St. Patrick’s Parade — Dublin 2015

San Patricio — Parte I

Tras el abandono de las últimas semanas por motivos de estudios (de un día para otro me dio por presentarme al IELTS), hoy os voy a contar cómo ha sido vivir un día de St. Patrick en Dublín.

Todo comenzó una tarde de Septiembre en la que mi hostmum me recordó que si quería pasar St. Patrick’s en Dublín, tenía que empezar a mirar albergues en ese momento. ¡Y menos mal que lo hizo! Cuando me quise dar cuenta el hostal donde había pasado unos días el mes anterior estaba completo para esa fecha, y como ese, unos pocos más. Por suerte, mi hostmum, salvándonos otra vez, nos encontró el Égali Hostel, donde pudimos encontrar nuestro hueco en una habitación de 16 por 35€ la noche (y sí, a pesar de faltar seis meses para esa fecha).

El tiempo pasó rápido desde entonces, y cuando quisimos darnos cuenta estábamos a dos semanas del viaje, decidiendo que el pijama de Leprechaun que vimos en Penneys tenía que ser, claramente, nuestra ropa oficial para el día de St. Patrick. Y con el pijama/disfraz en la maleta, la mochila cargada de sidras, y dispuestas a pasar una de las mejores noches de nuestras vidas, llegamos a Dublín.

He de confesar, que a pesar de ser súper felices con la idea de ir vestidas de Leprechaun por Dublín, nos dimos cuenta que nos hacían falta un par de sidras antes de salir así a la calle. Así que vestidas de duendes verdes, nos bajamos a la sala común del hostel a beber, donde tuvimos nuestros primeros admiradores. ¡Y qué alivio! Porque anda que no nos costó entrar a la sala común vestidas así.

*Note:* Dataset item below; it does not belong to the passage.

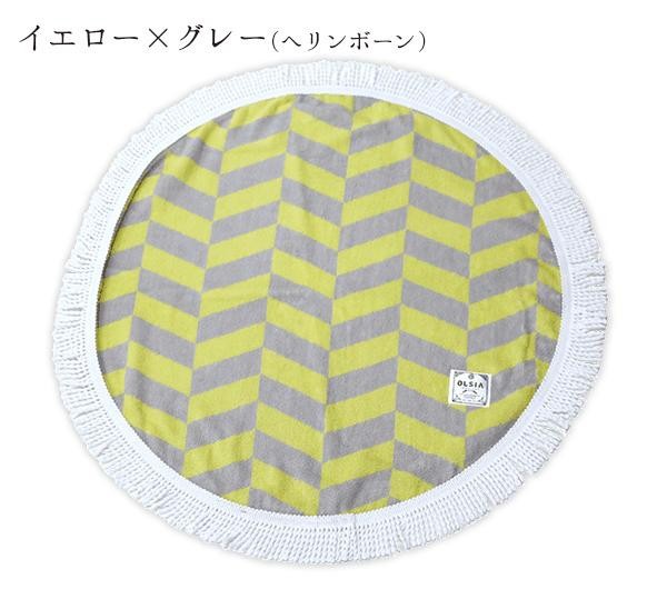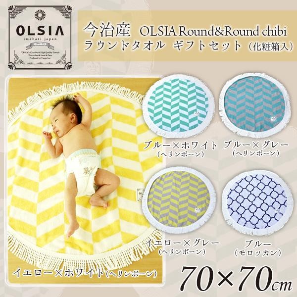 | 可愛いフリンジ付きのラウンドタオル♪直径約70cmの「chibi」サイズなので、赤ちゃんのお昼寝用や、オムツ替えに便利です。椅子やソファーにかけたり、ブランケットとしてなどお部屋での使用にもおすすめです。綿100%のタオル地なので、ご家庭の洗濯機で簡単に洗濯可能☆化粧箱入りなので、ベビーのお祝いなど贈り物にも最適です。 |

Y tras un par de sidras (o tres) decidimos unirnos al grupo de chicos y chicas del hostel y salir a la calle con ellos.

Fue en Temple Bar donde descubrimos que no estábamos solas, que había más Leprechauns por el mundo. Y entre las risas y las charlas sobre lo original de nuestro disfraz, nos dimos cuenta de que habíamos perdido al grupo original. Así que nos sumergimos en la multitud beoda de Temple Bar, donde aprendimos que Dublín tenía más brasileños que Brasil, donde nos pusimos a hablar con unos y con otros, a echarnos fotos con todo el que nos lo pedía, hasta que nos encontramos a dos chicos del staff del albergue y decidimos que era hora de volver a casa.

La noche había sido sólo el aperitivo de lo que nos esperaba al día siguiente, pero ya nos hacía pensar que sólo por este viaje había merecido la pena todo el tiempo como Au Pair.

Pero eso ya os lo contaré otro día, los niños esperan.